Bandini built a large U-shaped house, Casa de Bandini, in 1829. Initially it had 12 rooms and was one-story. Bandini was forced to sell his house in 1859 due to financial losses. Part of the building was converted into a store. His house was later converted to the Cosmopolitan Hotel in 1869, with a second story and wraparound porch added. The house still stands in Old Town San Diego, at the east corner of the town square. Originally the house and hotel was stuccoed—that was added in modern times to make it look "Spanish Colonial".

Civic life

Bandini served various public offices such as member of the assembly, sub-comisario of revenues, and substitute congressman.

Rancho Jurupa

In 1838, the Mexican government granted him Rancho Jurupa [1] in modern day San Bernardino County and Riverside County.

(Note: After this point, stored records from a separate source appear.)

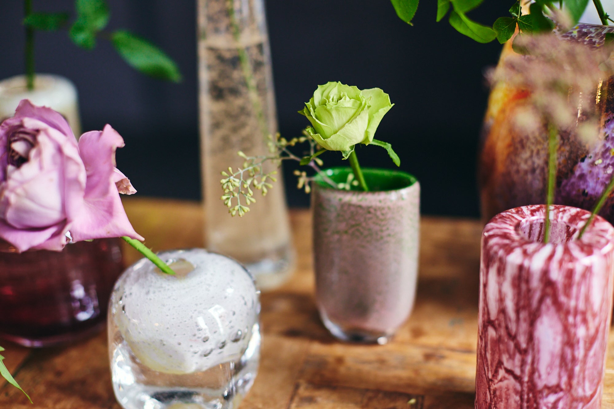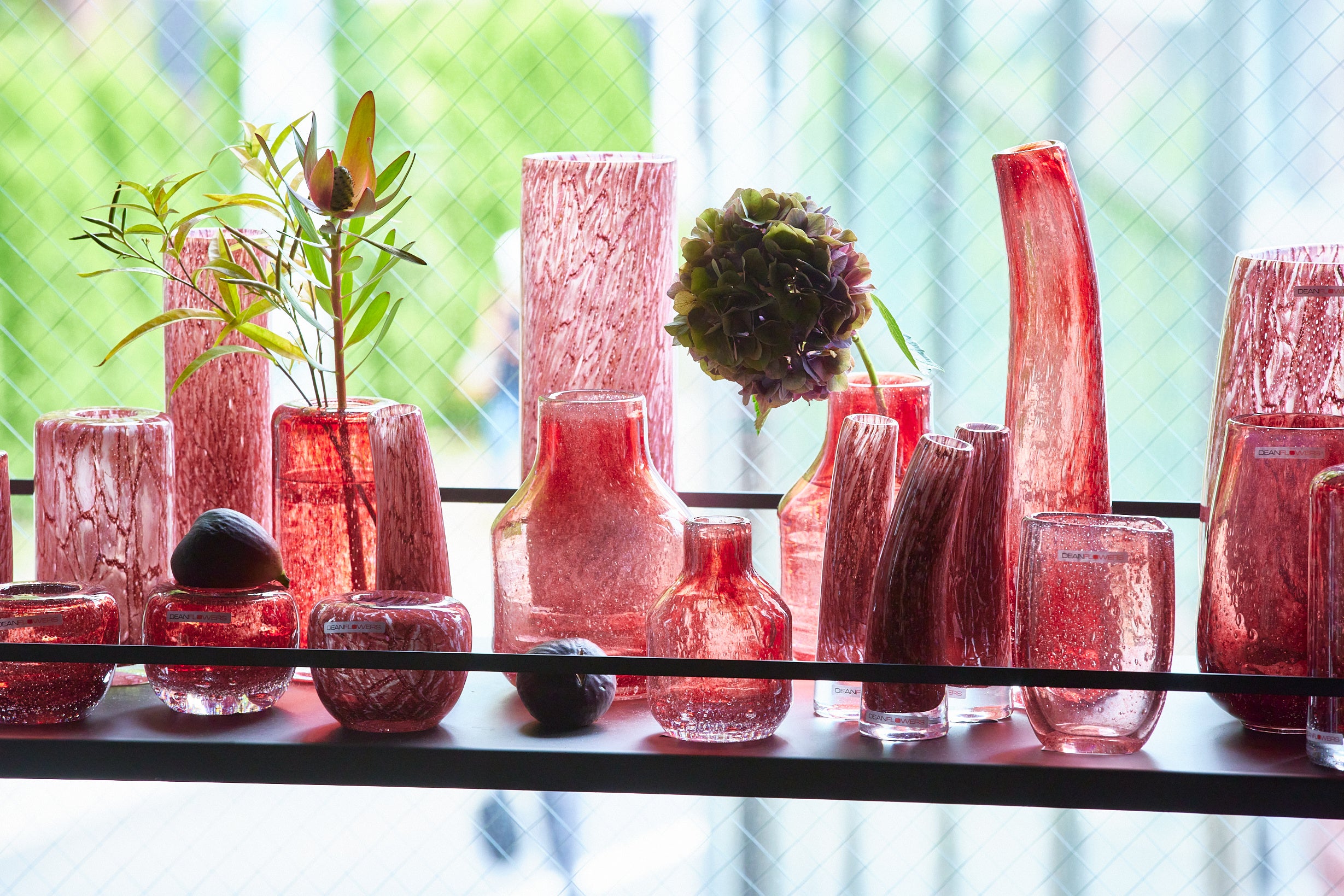 古くからガラス生産が盛んなベルギーで、古典的な吹きガラスの製法を用いて丁寧に手作りされたフラワーベースは、ぽってりとしたフォルムと、モダンでありながら思わず手に取りたくなるような温かみのある表情が特徴。気泡の出方や色味がひとつひとつ異なるのも魅力です。熟練の技術と情熱は、2人の息子と娘に受け継がれ、数々の新作が生み出されています。
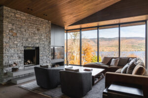 Hlavní obývací pokoj, zdobený kamennou krbovou stěnou, a zahalený do teplého dřevěného stropu, láká k odpočinku a rozjímání. Barevnou paletu designéři zcela podřídili přírodním tónům za okny. Převažuje barva dřeva na podlahách, vestavěném nábytku i obkladech stěn, sekunduje jí decentně šedá na čalounění nábytku. Výhledy na jezero Tremblant a stejnojmennou horu jsou vskutku úchvatné.
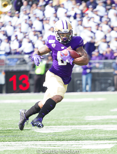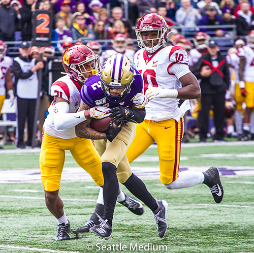 Three plays into USC’s ensuing drive, Washington was able to get their first take away of the ballgame. USC quarterback Matt Fink, who came into the game against Utah and had a big game last week, was picked off by UW freshman defensive back Cameron Williams, who returned it 14 yards to the USC 38 yard line. The turnover set up another short Washington drive that culminated in the Huskies’ second touchdown of the day as UW running back Salvon Ahmed fumbled the ball at the goal line, only to be recovered in the endzone by wide receiver Andre Baccellia to give Washington a 14-0 lead.
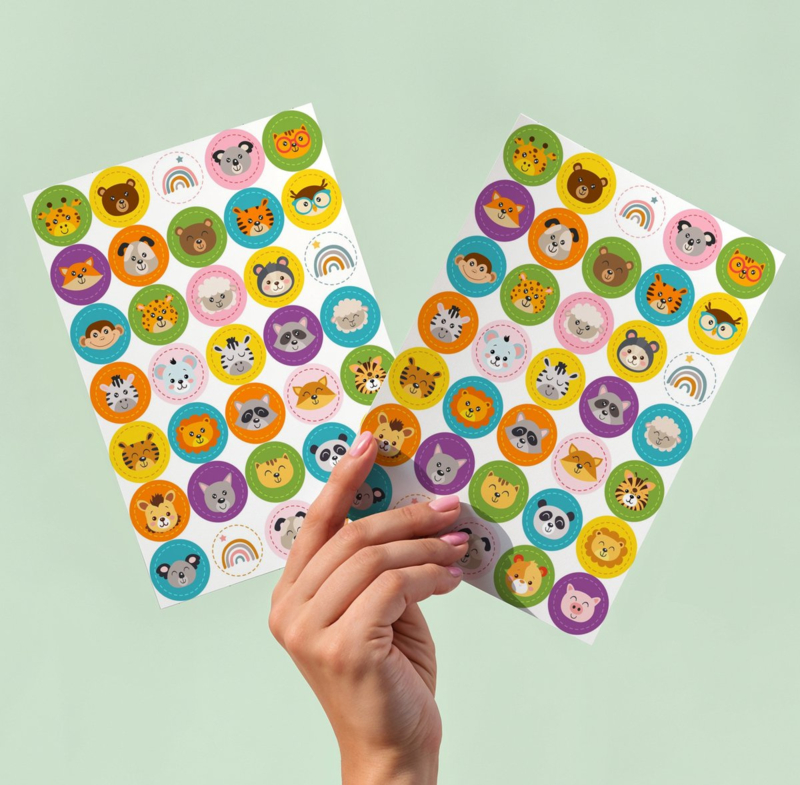 - 2 feuilles d'autocollants (un total de 70 autocollants). Diamètre des autocollants 2,5 cm.
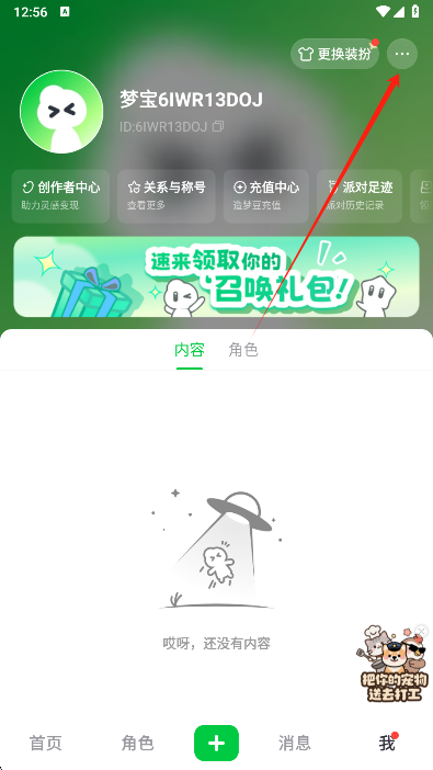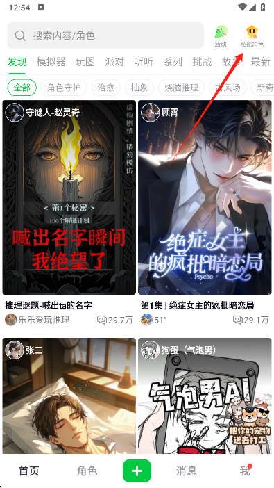 1、打开软件后,点击界面右上角的“我的私密角色”入口;
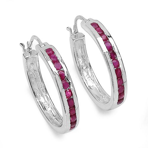 0.99ctw Genuine Ruby .925 Sterling Silver Earrings - Contains 22 round cut Ruby, each measuring 1.90mm. Earrings weigh 4.57gms.
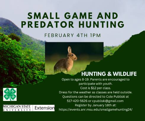 Youth ages 8-19 will learn more about small game and predator hunting at this workshop.
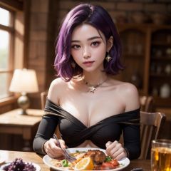 1girl,princess,star eye, blush, perfect illumination, distinct, unreal engine, sidelighting, (bright skin:1.1),soft smile, (face focus:1.1), ((dark purple hair)),(depth of field), bodysuit, close-up,off_shoulder,jewelery,dinner
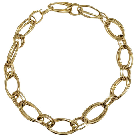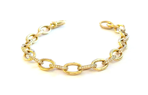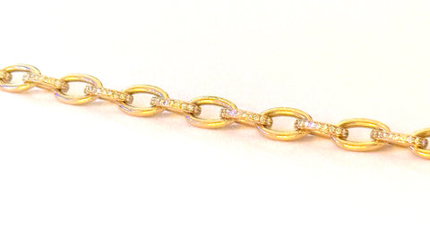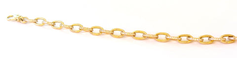 18kt Yellow Gold oval Link Bracelet with alternating gold and diamond edged links finished at 17" with a Lobster closure.

During the Mexican-American War, Bandini supported the Americans. With Santiago Arguello he issued an appeal to not resist the Americans. After the war, Bandini was increasingly critical of the U. S. government, especially the Land Act of 1851 that allowed Mexican land grants to be challenged. The Treaty of Guadalupe Hidalgo with Mexico, in 1848, had guaranteed the land grants would be recognized.

During March 29–September 27, 1848 he was Juez de Paz (Justice of the Peace) of San Diego Pueblo.

In 1850 he opened a store in San Diego and built the Gilla House hotel. Soon after he moved to Mexico then in 1855 to Los Angeles where he died in 1859.

Public perception

Bandini was dressed elegantly and always gracious, and cut a refined presence wherever he went. He was known as a charming public speaker, fluent writer, excellent dancer, fair musician, and fine horseman. His home was the social center of San Diego.

Bandini had a gift of sardonic humor and enjoyed sarcasm. Richard Henry Dana, Jr. in Two Years Before the Mast said of him:

He had a slight and elegant figure, moved gracefully, danced and waltzed beautifully, spoke the best of Castilian, with a pleasant and refined voice and accent, and had throughout the bearing of a man of high birth and figure.

Seeing him again one evening, Dana said he

gave us the most graceful dancing that I had ever seen. He was dressed in white pantaloons, neatly made, a short jacket of dark silk gaily figured, white stockings and thin Morocco slippers upon his very small feet.

His lifestyle and hospitality often got him into trouble financially, requiring his children to bail him out in latter years.